◆ Data provided ◆
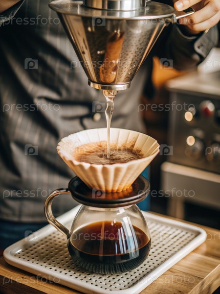 Заваривание богатой чашки кофе в воронке с помощью сервера, демонстрация искусства приготовления кофейного напитка на уютной кухне
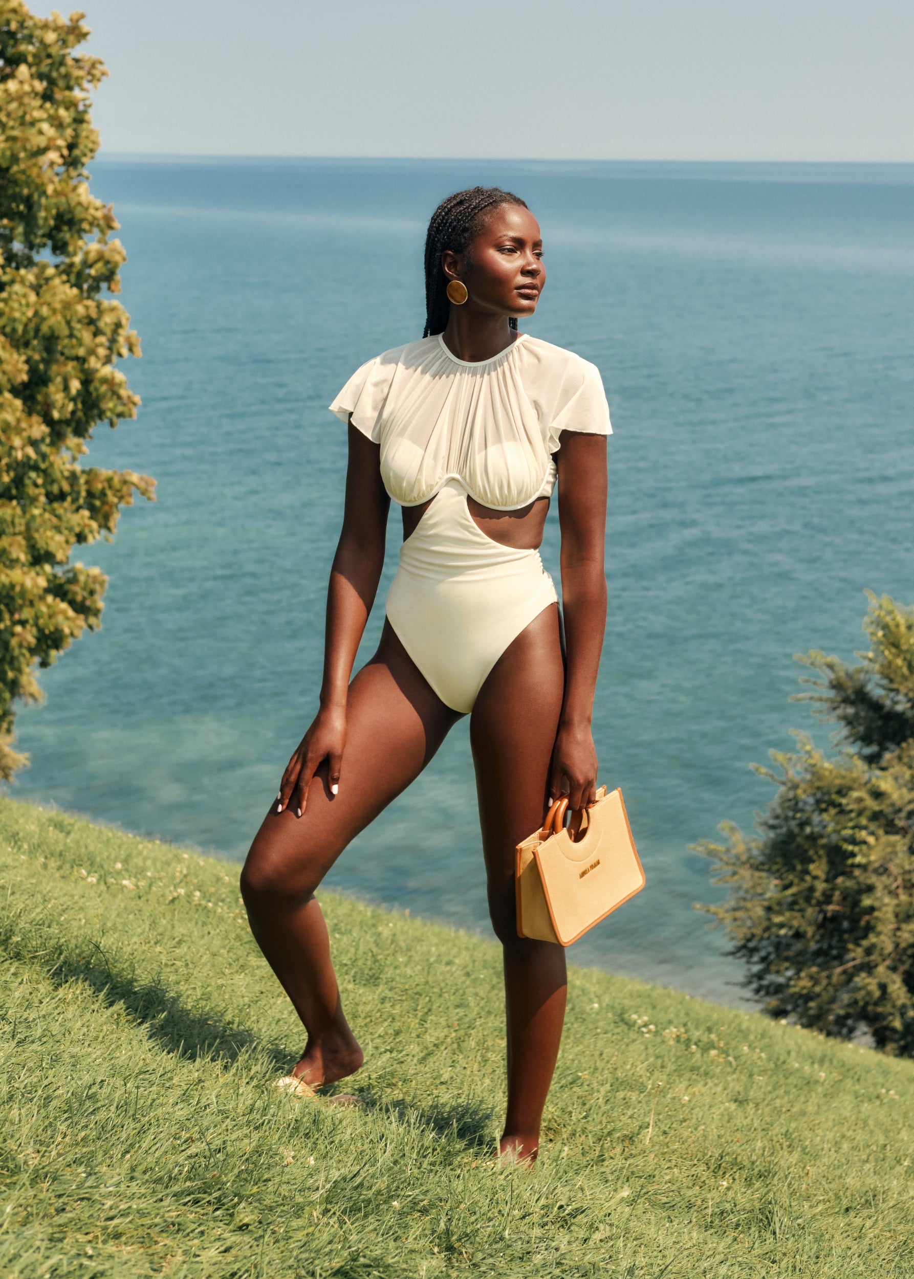 Introducing the NARU One-Piece Swimsuit, where refined design meets exceptional style in a timeless ivory color. This sophisticated swimsuit features W underwire for enhanced support and structure. A sheer mesh cape overlay adds a dramatic, ethereal touch, while additional mesh detailing on the main fabric offers a hint of allure. The adjustable hook closures on the neck and back ensure a customized fit, and the functional lace-up corset detail provides both visual interest and support. Molded cups complete the design, offering a smooth and flattering silhouette. Perfect for those seeking elegance and functionality, the NARU One-Piece Swimsuit is your go-to choice for making a chic statement by the water.
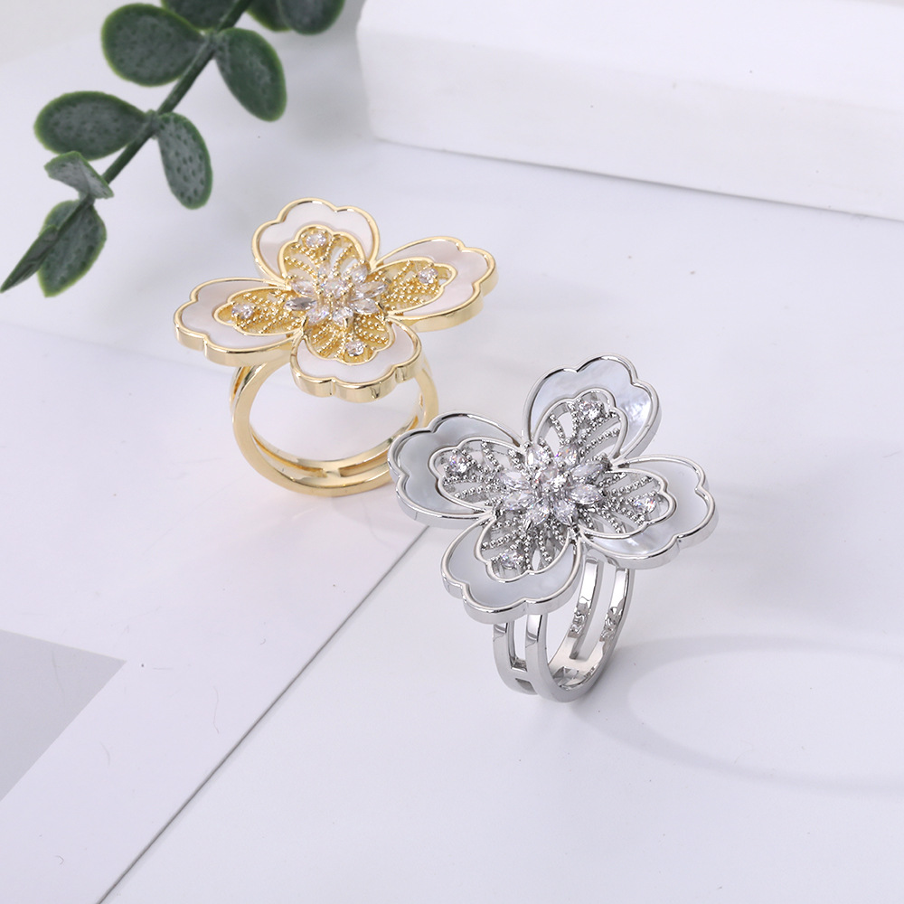 European and American Cross-Border Heavy-Duty Floral Ring for Women, Natural Mother-Of-Pearl Hollow Design, Fashionable Light Luxury Yiwu Accessory

◆ Work instructions ◆
Please leave the images out and retype the rest of the material exactly.

◆ Exercise answer ◆
 Заваривание богатой чашки кофе в воронке с помощью сервера, демонстрация искусства приготовления кофейного напитка на уютной кухне
 Introducing the NARU One-Piece Swimsuit, where refined design meets exceptional style in a timeless ivory color. This sophisticated swimsuit features W underwire for enhanced support and structure. A sheer mesh cape overlay adds a dramatic, ethereal touch, while additional mesh detailing on the main fabric offers a hint of allure. The adjustable hook closures on the neck and back ensure a customized fit, and the functional lace-up corset detail provides both visual interest and support. Molded cups complete the design, offering a smooth and flattering silhouette. Perfect for those seeking elegance and functionality, the NARU One-Piece Swimsuit is your go-to choice for making a chic statement by the water.
 European and American Cross-Border Heavy-Duty Floral Ring for Women, Natural Mother-Of-Pearl Hollow Design, Fashionable Light Luxury Yiwu Accessory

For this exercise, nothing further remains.